WHAT IS REQUIRED >>
Please copy out the full listing that follows exactly; no picture belongs in the copy.

RECORDS FOR THIS TASK >>
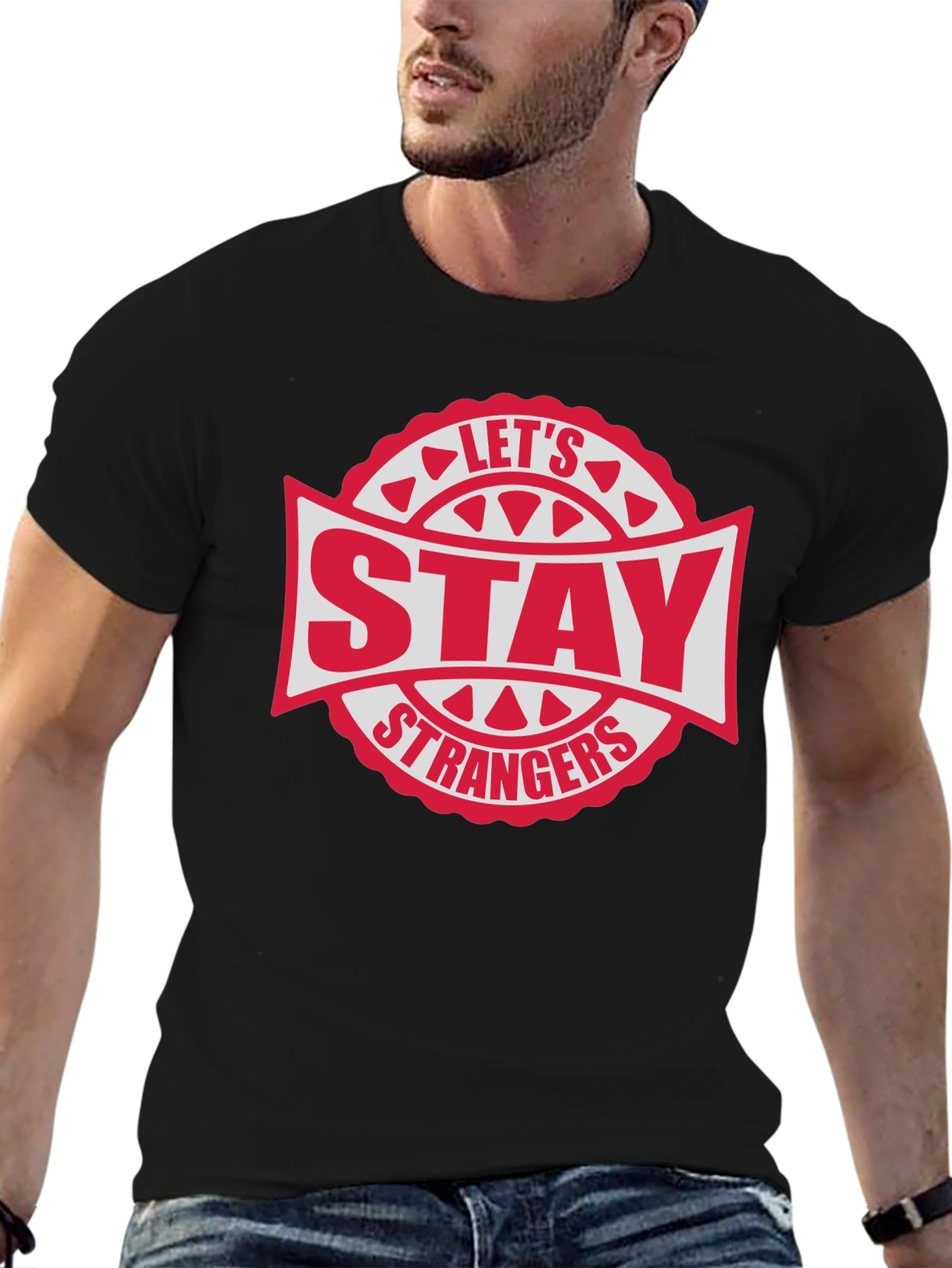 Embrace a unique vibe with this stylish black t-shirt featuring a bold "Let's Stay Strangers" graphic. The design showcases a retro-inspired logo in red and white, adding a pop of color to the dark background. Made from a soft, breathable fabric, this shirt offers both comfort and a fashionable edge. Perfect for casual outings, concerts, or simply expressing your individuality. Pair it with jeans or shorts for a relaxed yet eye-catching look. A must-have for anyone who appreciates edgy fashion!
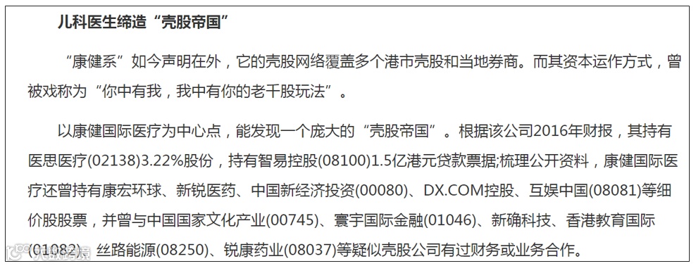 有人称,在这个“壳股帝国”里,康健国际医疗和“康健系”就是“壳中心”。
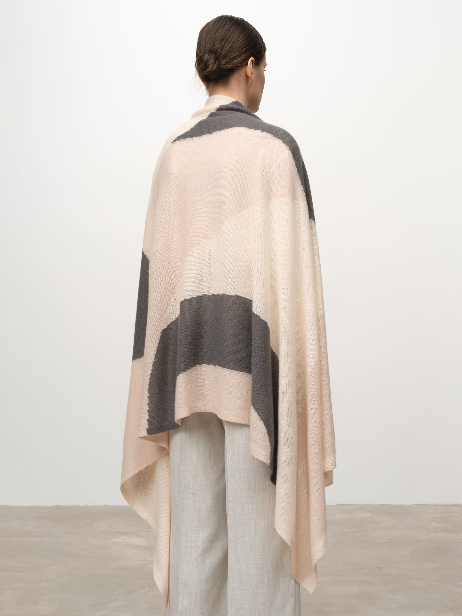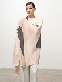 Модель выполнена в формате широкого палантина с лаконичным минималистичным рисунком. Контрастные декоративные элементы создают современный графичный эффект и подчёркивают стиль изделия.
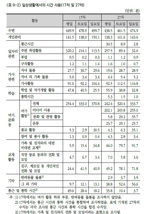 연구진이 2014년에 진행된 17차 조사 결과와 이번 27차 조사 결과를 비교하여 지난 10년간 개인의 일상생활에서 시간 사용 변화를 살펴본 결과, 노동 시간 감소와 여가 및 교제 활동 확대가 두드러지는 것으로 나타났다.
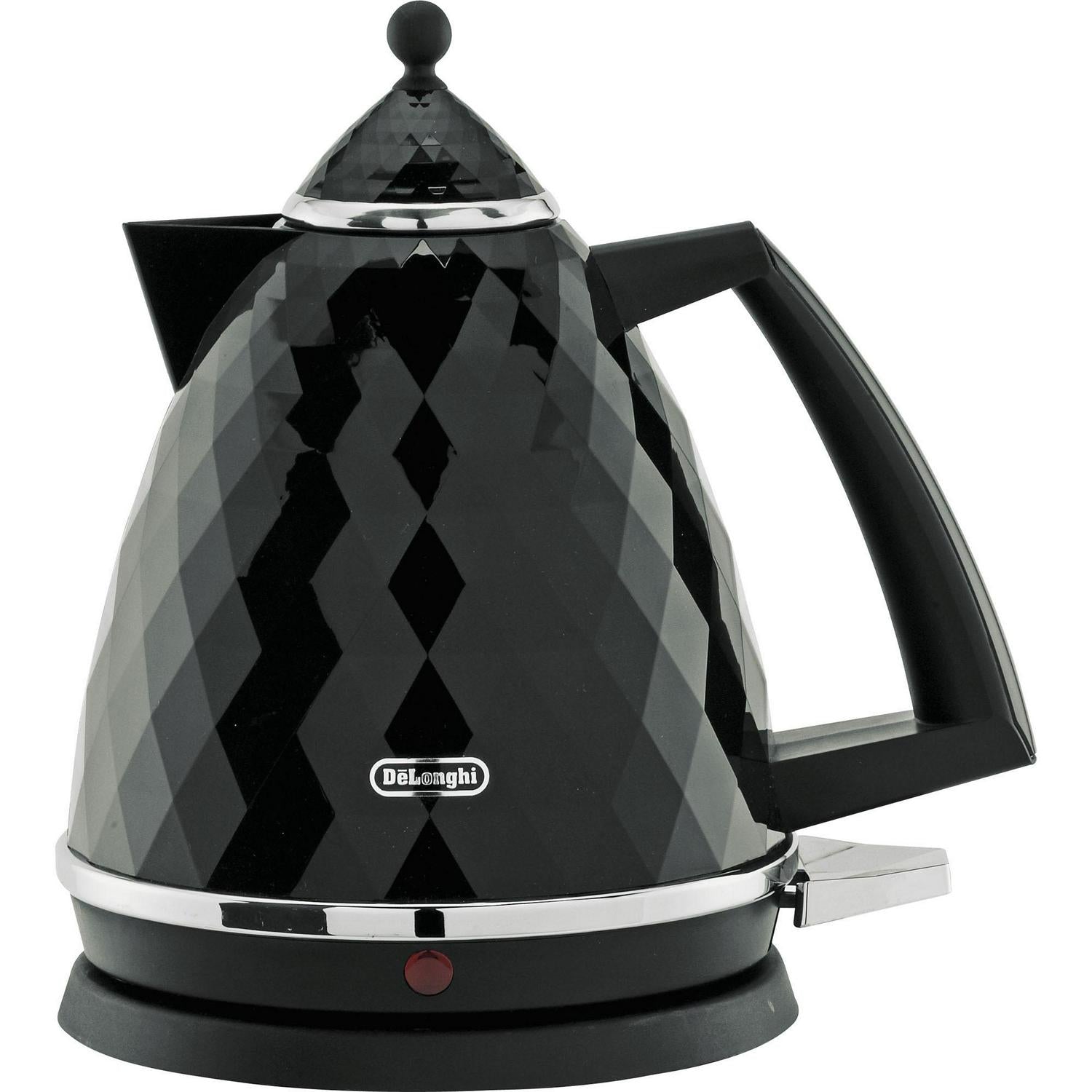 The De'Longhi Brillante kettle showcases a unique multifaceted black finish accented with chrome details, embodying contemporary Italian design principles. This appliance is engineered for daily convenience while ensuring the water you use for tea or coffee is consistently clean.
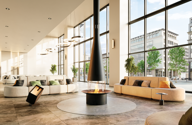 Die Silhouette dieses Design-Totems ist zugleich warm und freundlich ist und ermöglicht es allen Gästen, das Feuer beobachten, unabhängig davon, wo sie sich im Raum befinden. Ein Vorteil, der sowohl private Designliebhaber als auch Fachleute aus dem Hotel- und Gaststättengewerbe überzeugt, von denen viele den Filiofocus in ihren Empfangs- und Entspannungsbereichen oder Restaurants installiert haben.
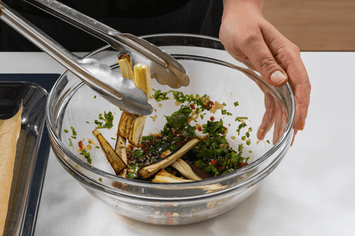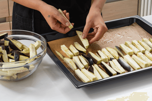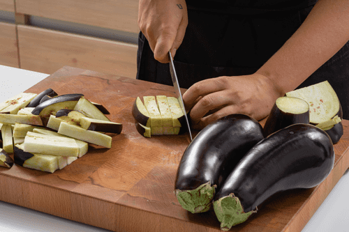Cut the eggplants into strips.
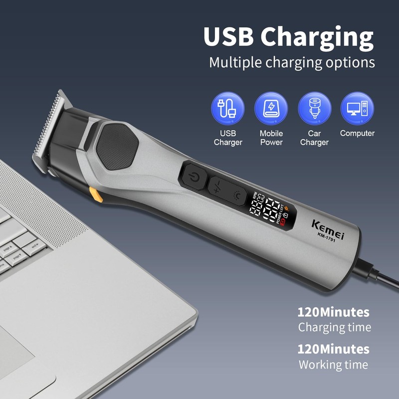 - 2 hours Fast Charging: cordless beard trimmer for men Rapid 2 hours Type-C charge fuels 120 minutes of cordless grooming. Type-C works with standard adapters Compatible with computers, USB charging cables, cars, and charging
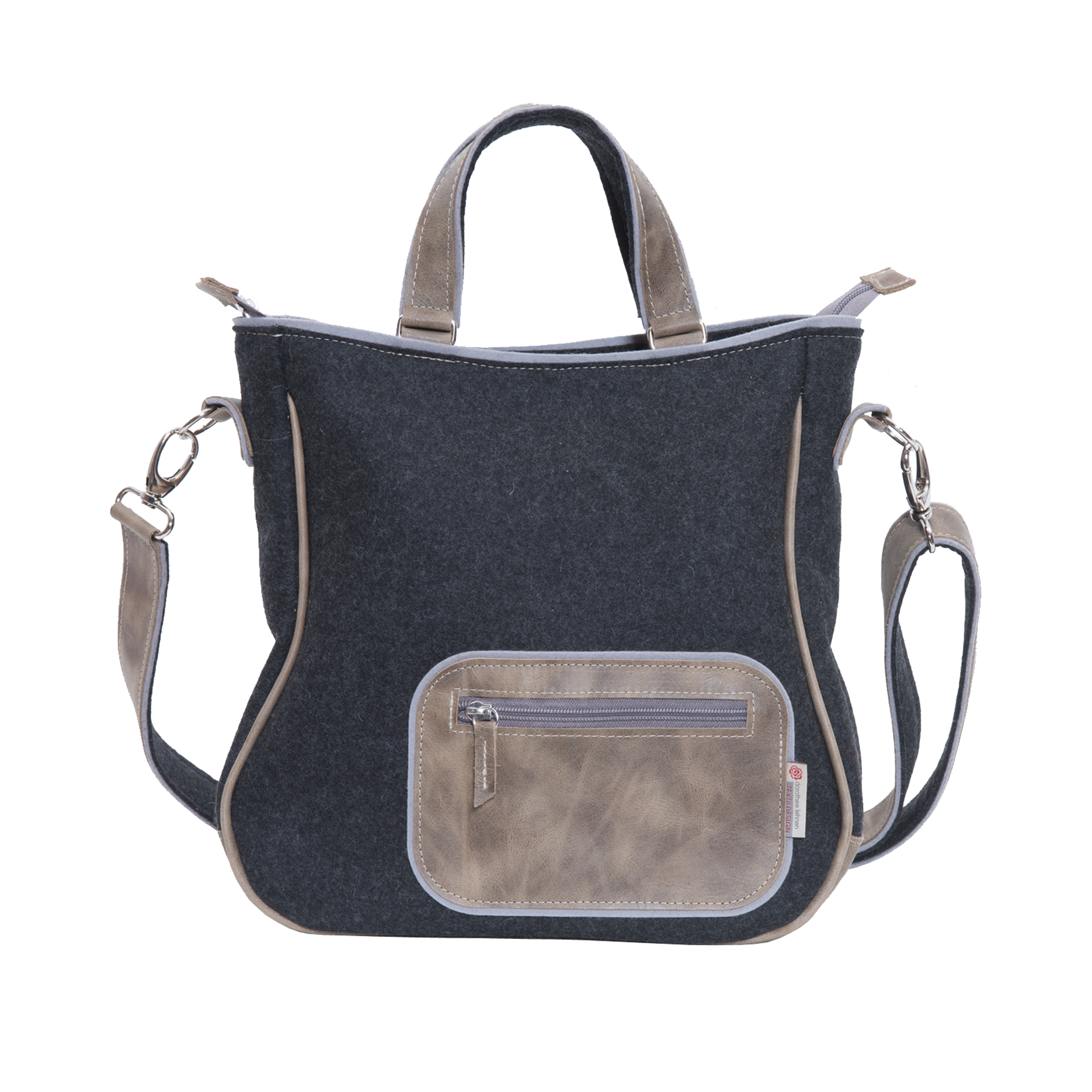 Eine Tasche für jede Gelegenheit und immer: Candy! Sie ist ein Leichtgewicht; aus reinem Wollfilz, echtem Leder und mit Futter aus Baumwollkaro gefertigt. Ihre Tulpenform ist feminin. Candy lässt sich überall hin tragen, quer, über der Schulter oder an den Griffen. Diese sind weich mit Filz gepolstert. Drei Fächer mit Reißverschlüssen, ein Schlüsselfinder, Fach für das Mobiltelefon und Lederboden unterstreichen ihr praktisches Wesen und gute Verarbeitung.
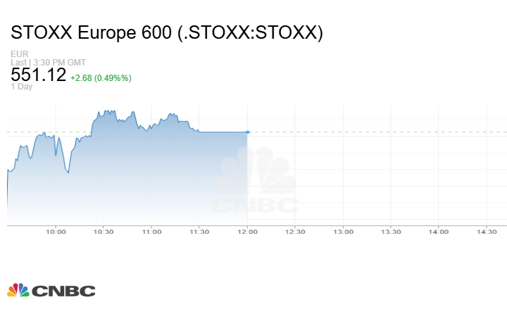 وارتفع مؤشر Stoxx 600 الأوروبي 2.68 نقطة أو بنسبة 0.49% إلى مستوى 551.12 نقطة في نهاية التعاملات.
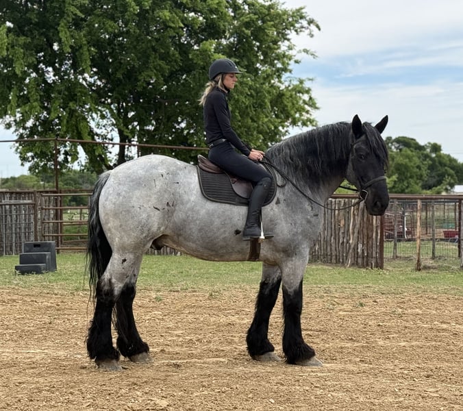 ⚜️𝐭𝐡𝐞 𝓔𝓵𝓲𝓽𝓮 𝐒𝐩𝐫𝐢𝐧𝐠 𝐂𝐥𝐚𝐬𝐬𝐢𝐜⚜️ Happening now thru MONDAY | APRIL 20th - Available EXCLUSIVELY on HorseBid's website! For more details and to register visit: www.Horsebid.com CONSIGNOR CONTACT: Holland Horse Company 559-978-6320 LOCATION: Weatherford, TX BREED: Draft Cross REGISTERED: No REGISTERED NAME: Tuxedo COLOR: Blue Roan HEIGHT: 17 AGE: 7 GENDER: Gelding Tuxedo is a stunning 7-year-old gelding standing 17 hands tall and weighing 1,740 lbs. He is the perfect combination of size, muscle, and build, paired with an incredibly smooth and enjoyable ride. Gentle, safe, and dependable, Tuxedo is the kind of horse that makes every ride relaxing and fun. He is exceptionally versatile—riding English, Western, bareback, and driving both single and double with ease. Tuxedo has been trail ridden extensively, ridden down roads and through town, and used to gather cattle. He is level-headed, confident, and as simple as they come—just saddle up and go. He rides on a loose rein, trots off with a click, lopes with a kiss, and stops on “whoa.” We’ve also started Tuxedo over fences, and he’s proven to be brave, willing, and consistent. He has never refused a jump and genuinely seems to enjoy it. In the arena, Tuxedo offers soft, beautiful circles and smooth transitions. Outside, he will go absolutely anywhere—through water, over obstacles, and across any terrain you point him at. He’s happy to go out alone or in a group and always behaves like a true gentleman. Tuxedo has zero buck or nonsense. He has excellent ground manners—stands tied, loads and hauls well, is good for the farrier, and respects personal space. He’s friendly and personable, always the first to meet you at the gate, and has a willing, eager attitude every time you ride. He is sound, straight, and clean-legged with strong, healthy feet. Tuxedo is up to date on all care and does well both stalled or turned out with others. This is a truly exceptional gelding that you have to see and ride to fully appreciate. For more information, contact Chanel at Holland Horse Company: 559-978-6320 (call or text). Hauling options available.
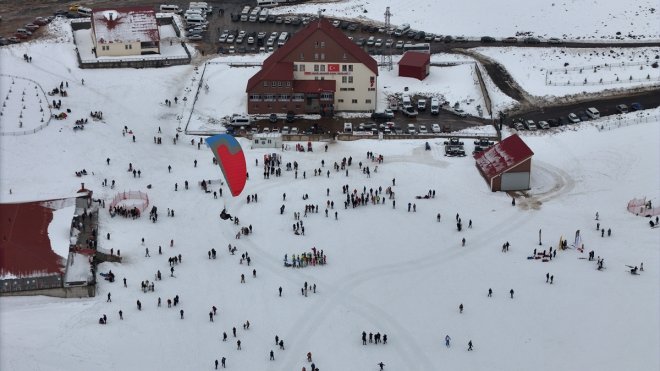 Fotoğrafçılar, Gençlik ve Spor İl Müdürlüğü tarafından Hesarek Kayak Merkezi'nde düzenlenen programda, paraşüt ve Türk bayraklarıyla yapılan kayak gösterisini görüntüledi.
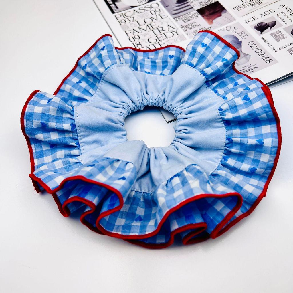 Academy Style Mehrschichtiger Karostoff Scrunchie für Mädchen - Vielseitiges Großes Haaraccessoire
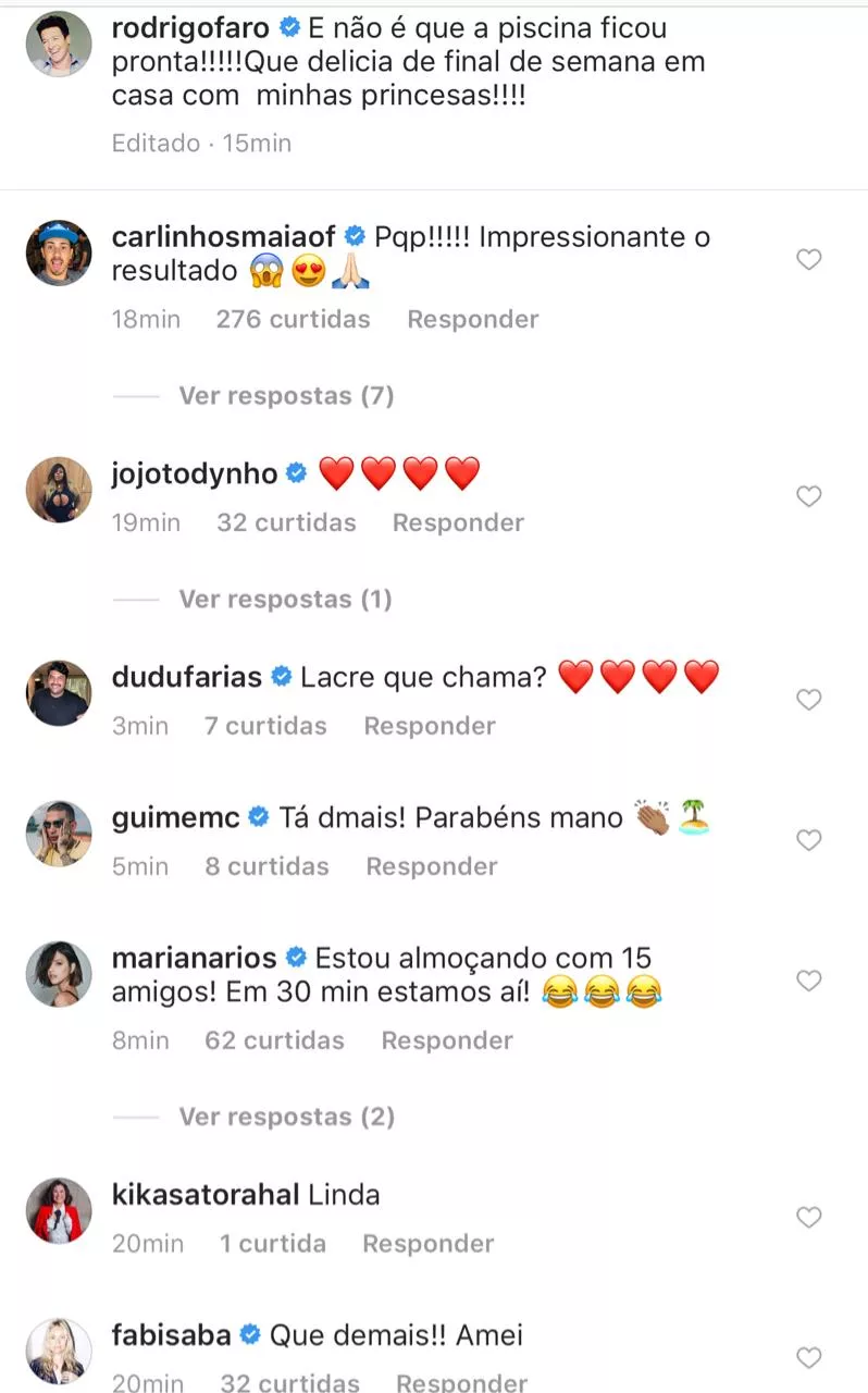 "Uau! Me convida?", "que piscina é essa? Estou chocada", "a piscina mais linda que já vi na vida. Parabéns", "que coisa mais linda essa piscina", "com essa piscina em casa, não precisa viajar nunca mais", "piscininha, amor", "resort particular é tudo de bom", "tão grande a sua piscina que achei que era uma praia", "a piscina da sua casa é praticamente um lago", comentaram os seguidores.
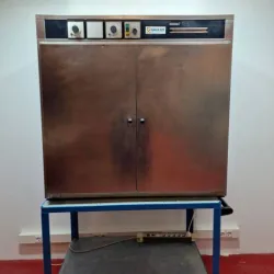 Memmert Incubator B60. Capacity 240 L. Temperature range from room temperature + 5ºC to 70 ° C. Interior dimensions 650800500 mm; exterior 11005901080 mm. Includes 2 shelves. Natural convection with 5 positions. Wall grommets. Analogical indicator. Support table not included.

TASK SOLUTION >>
 Embrace a unique vibe with this stylish black t-shirt featuring a bold "Let's Stay Strangers" graphic. The design showcases a retro-inspired logo in red and white, adding a pop of color to the dark background. Made from a soft, breathable fabric, this shirt offers both comfort and a fashionable edge. Perfect for casual outings, concerts, or simply expressing your individuality. Pair it with jeans or shorts for a relaxed yet eye-catching look. A must-have for anyone who appreciates edgy fashion!
 有人称,在这个“壳股帝国”里,康健国际医疗和“康健系”就是“壳中心”。
 Модель выполнена в формате широкого палантина с лаконичным минималистичным рисунком. Контрастные декоративные элементы создают современный графичный эффект и подчёркивают стиль изделия.
 연구진이 2014년에 진행된 17차 조사 결과와 이번 27차 조사 결과를 비교하여 지난 10년간 개인의 일상생활에서 시간 사용 변화를 살펴본 결과, 노동 시간 감소와 여가 및 교제 활동 확대가 두드러지는 것으로 나타났다.
 The De'Longhi Brillante kettle showcases a unique multifaceted black finish accented with chrome details, embodying contemporary Italian design principles. This appliance is engineered for daily convenience while ensuring the water you use for tea or coffee is consistently clean.
 Die Silhouette dieses Design-Totems ist zugleich warm und freundlich ist und ermöglicht es allen Gästen, das Feuer beobachten, unabhängig davon, wo sie sich im Raum befinden. Ein Vorteil, der sowohl private Designliebhaber als auch Fachleute aus dem Hotel- und Gaststättengewerbe überzeugt, von denen viele den Filiofocus in ihren Empfangs- und Entspannungsbereichen oder Restaurants installiert haben.
Cut the eggplants into strips.
 - 2 hours Fast Charging: cordless beard trimmer for men Rapid 2 hours Type-C charge fuels 120 minutes of cordless grooming. Type-C works with standard adapters Compatible with computers, USB charging cables, cars, and charging
 Eine Tasche für jede Gelegenheit und immer: Candy! Sie ist ein Leichtgewicht; aus reinem Wollfilz, echtem Leder und mit Futter aus Baumwollkaro gefertigt. Ihre Tulpenform ist feminin. Candy lässt sich überall hin tragen, quer, über der Schulter oder an den Griffen. Diese sind weich mit Filz gepolstert. Drei Fächer mit Reißverschlüssen, ein Schlüsselfinder, Fach für das Mobiltelefon und Lederboden unterstreichen ihr praktisches Wesen und gute Verarbeitung.
 وارتفع مؤشر Stoxx 600 الأوروبي 2.68 نقطة أو بنسبة 0.49% إلى مستوى 551.12 نقطة في نهاية التعاملات.
 ⚜️𝐭𝐡𝐞 𝓔𝓵𝓲𝓽𝓮 𝐒𝐩𝐫𝐢𝐧𝐠 𝐂𝐥𝐚𝐬𝐬𝐢𝐜⚜️ Happening now thru MONDAY | APRIL 20th - Available EXCLUSIVELY on HorseBid's website! For more details and to register visit: www.Horsebid.com CONSIGNOR CONTACT: Holland Horse Company 559-978-6320 LOCATION: Weatherford, TX BREED: Draft Cross REGISTERED: No REGISTERED NAME: Tuxedo COLOR: Blue Roan HEIGHT: 17 AGE: 7 GENDER: Gelding Tuxedo is a stunning 7-year-old gelding standing 17 hands tall and weighing 1,740 lbs. He is the perfect combination of size, muscle, and build, paired with an incredibly smooth and enjoyable ride. Gentle, safe, and dependable, Tuxedo is the kind of horse that makes every ride relaxing and fun. He is exceptionally versatile—riding English, Western, bareback, and driving both single and double with ease. Tuxedo has been trail ridden extensively, ridden down roads and through town, and used to gather cattle. He is level-headed, confident, and as simple as they come—just saddle up and go. He rides on a loose rein, trots off with a click, lopes with a kiss, and stops on “whoa.” We’ve also started Tuxedo over fences, and he’s proven to be brave, willing, and consistent. He has never refused a jump and genuinely seems to enjoy it. In the arena, Tuxedo offers soft, beautiful circles and smooth transitions. Outside, he will go absolutely anywhere—through water, over obstacles, and across any terrain you point him at. He’s happy to go out alone or in a group and always behaves like a true gentleman. Tuxedo has zero buck or nonsense. He has excellent ground manners—stands tied, loads and hauls well, is good for the farrier, and respects personal space. He’s friendly and personable, always the first to meet you at the gate, and has a willing, eager attitude every time you ride. He is sound, straight, and clean-legged with strong, healthy feet. Tuxedo is up to date on all care and does well both stalled or turned out with others. This is a truly exceptional gelding that you have to see and ride to fully appreciate. For more information, contact Chanel at Holland Horse Company: 559-978-6320 (call or text). Hauling options available.
 Fotoğrafçılar, Gençlik ve Spor İl Müdürlüğü tarafından Hesarek Kayak Merkezi'nde düzenlenen programda, paraşüt ve Türk bayraklarıyla yapılan kayak gösterisini görüntüledi.
 Academy Style Mehrschichtiger Karostoff Scrunchie für Mädchen - Vielseitiges Großes Haaraccessoire
 "Uau! Me convida?", "que piscina é essa? Estou chocada", "a piscina mais linda que já vi na vida. Parabéns", "que coisa mais linda essa piscina", "com essa piscina em casa, não precisa viajar nunca mais", "piscininha, amor", "resort particular é tudo de bom", "tão grande a sua piscina que achei que era uma praia", "a piscina da sua casa é praticamente um lago", comentaram os seguidores.
 Memmert Incubator B60. Capacity 240 L. Temperature range from room temperature + 5ºC to 70 ° C. Interior dimensions 650800500 mm; exterior 11005901080 mm. Includes 2 shelves. Natural convection with 5 positions. Wall grommets. Analogical indicator. Support table not included.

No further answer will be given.